Raw data Block Start

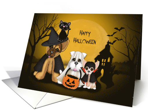 Happy Halloween, for a young girl or boy. This cute halloween scene has a german shepherd puppy with a black witches hat and a very cute black cat perched on the hat, he is also wearing a black cape. The sweet white schnauzer is a ghost holding a pumpkin treat basket. An adorable chihuahua puppy is dressed in a vampire costume with a black and red cape and extra long fangs. Backdrop is a yellow glowing moon with an scary old house with bats flying around it. Inside message says: May your Halloween be spooktacular! Inside message can be changed by you.
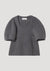 Crafted from a luxurious wool-cashmere blend, this sculptural top showcases a dramatic deep scooped neckline and voluminous balloon sleeves ending at the elbow. A structured peplum gently flares from the waist, sculpting a feminine, architectural silhouette that combines elegance with refined design.
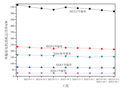 | 图 2 不同工况下原油外输泵电机总消耗功率变化 |

Raw data Block End

[Task objective] Print the material exactly as given, but not the pictures.

[Solution to this task]
 Happy Halloween, for a young girl or boy. This cute halloween scene has a german shepherd puppy with a black witches hat and a very cute black cat perched on the hat, he is also wearing a black cape. The sweet white schnauzer is a ghost holding a pumpkin treat basket. An adorable chihuahua puppy is dressed in a vampire costume with a black and red cape and extra long fangs. Backdrop is a yellow glowing moon with an scary old house with bats flying around it. Inside message says: May your Halloween be spooktacular! Inside message can be changed by you.
 Crafted from a luxurious wool-cashmere blend, this sculptural top showcases a dramatic deep scooped neckline and voluminous balloon sleeves ending at the elbow. A structured peplum gently flares from the waist, sculpting a feminine, architectural silhouette that combines elegance with refined design.
 | 图 2 不同工况下原油外输泵电机总消耗功率变化 |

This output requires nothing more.